**The problem**
Leaving the pictures aside, repeat each line below exactly.

**Recorded information**
^^^^^^^^^^^^^^^^

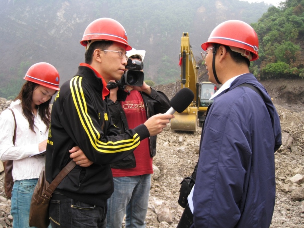 在肖家桥堰塞湖疏通现场接受成都电视台记者的采访
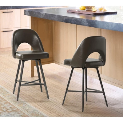 This stylish and contemporary bar stool seamlessly blends modern and mid-century modern design elements. This bar stool set with cutout design is the perfect addition to any space, whether it’s your kitchen, living room, bar, restaurant, club, cafe, or office. This bar stool set is upholstered with high-quality vegan leather, which is both durable and easy to clean. Both the backrest and seat cushion are filled with soft and supportive foam providing a comfortable seating experience that’s perfect for extended periods of sitting. The legs are made of sturdy metal, which ensures maximum stability and durability. Its durability and comfort make it a practical and long-lasting seating option for any space. Item Size:18.1″W*20.25″D*38.5″H, Seat Size:17.25″W*18.5″D*26″H.
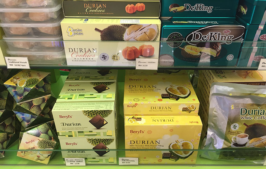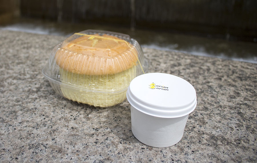 V obchodnom dome sme konečne objavili niečo, čo nás zaujalo – stánok s výrobkami z durianu. Už v Singapure som ho chcela skúsiť, ale kôli tej jeho vôni som nemala odvahu. Teraz je čas. Kúpili sme si zmrzlinu a sponge cake (niečo ako dort z piškótového cesta) a išli sme si ich vychutnať do parku pod veže.

^^^^^^^^^^^^^^^^

**Solved problem**
 在肖家桥堰塞湖疏通现场接受成都电视台记者的采访
 This stylish and contemporary bar stool seamlessly blends modern and mid-century modern design elements. This bar stool set with cutout design is the perfect addition to any space, whether it’s your kitchen, living room, bar, restaurant, club, cafe, or office. This bar stool set is upholstered with high-quality vegan leather, which is both durable and easy to clean. Both the backrest and seat cushion are filled with soft and supportive foam providing a comfortable seating experience that’s perfect for extended periods of sitting. The legs are made of sturdy metal, which ensures maximum stability and durability. Its durability and comfort make it a practical and long-lasting seating option for any space. Item Size:18.1″W*20.25″D*38.5″H, Seat Size:17.25″W*18.5″D*26″H.
 V obchodnom dome sme konečne objavili niečo, čo nás zaujalo – stánok s výrobkami z durianu. Už v Singapure som ho chcela skúsiť, ale kôli tej jeho vôni som nemala odvahu. Teraz je čas. Kúpili sme si zmrzlinu a sponge cake (niečo ako dort z piškótového cesta) a išli sme si ich vychutnať do parku pod veže.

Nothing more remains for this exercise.